TC: In many ways your photographs feel like stills captured from a movie. So directing a video seemed like a natural move. The I Finky U Freeky video clip you made in 2012 for the South African rap trio Die Antwoord has had something like 77 million hits and counting…
RB: I was as surprised as anybody could have been. I had no expectations and this thing went crazy. It’s one of the most famous videos in the last 10 years. A lot of young people became aware of my work. And I became aware of the power of making videos in parallel to making my photographs. I didn’t make the Outland and Asylum of the Birds videos just to advertise my books. They are parallel artworks, but the modus operandi came from the success of that Die Antwoord video.
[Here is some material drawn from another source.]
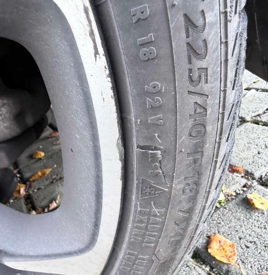 – Alle Felgen und Reifen deformiert, verkratzt
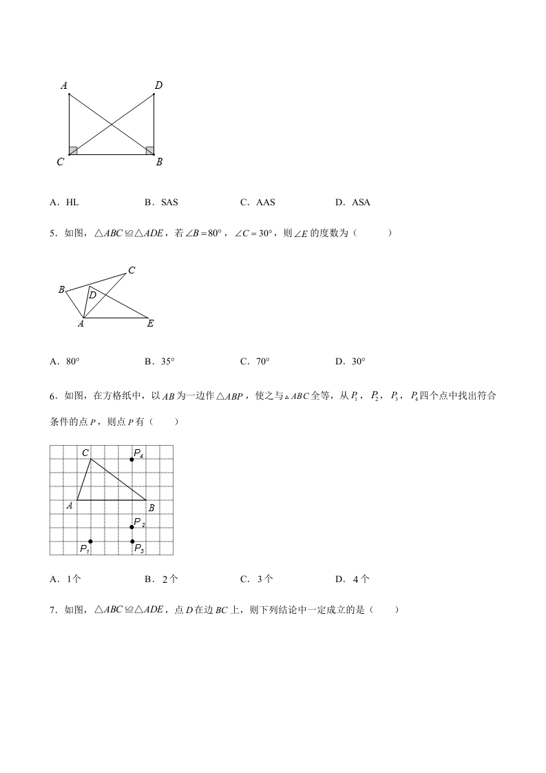 第一章全等三角形单元检测卷总分:150分难度:易一、单选题(每题3分,共24分)1.如图,己知△ABC的六个元素,则下面甲、乙、丙三个三角形和△ABC全等的图是()505058°725850K509b丙A.甲和乙B.乙和丙C.只有乙D.只有丙2.直尺和圆规作图(简称尺规作图)是数学定理运用的一个重要内容如图所示,作图中能得出∠AOB=∠AOB的依据是运用了我们学习的全等三角形判定()DBA.角角边B.边角边C.角边角D.边边边3.如图,己知MB=ND,∠MBA=∠NDC,添加下列条件仍不能判定△ABM≌△CDN的是()A.∠M=∠NB.AM=CNC.AB=CDD.AM//CN4.如图,AC⊥CB,DB⊥CB,垂足分别为C,B,AC=DB,则可以直接判定△ACB≌△DBC的根据是()

TC: Theatre of the Mind includes a site-specific installation, Theatre of Darkness, under the old psychiatric hospital in Callan Park. What will we see down there?
RB: It’s an amazing space. The cells are like European mediaeval dungeons. We are creating installations which have a similar aesthetic to the photographs using drawings, sculpture and sound. Each room will feel like there is a patient in there, but they won’t be real people. We are making sculpture people. It’s a true dungeon. It’s not fake. It’s not like something you’d find in Disneyland. You wouldn’t expect to find this in Australia. It’s really a tremendous space, hopefully my installation will be able to merit the location.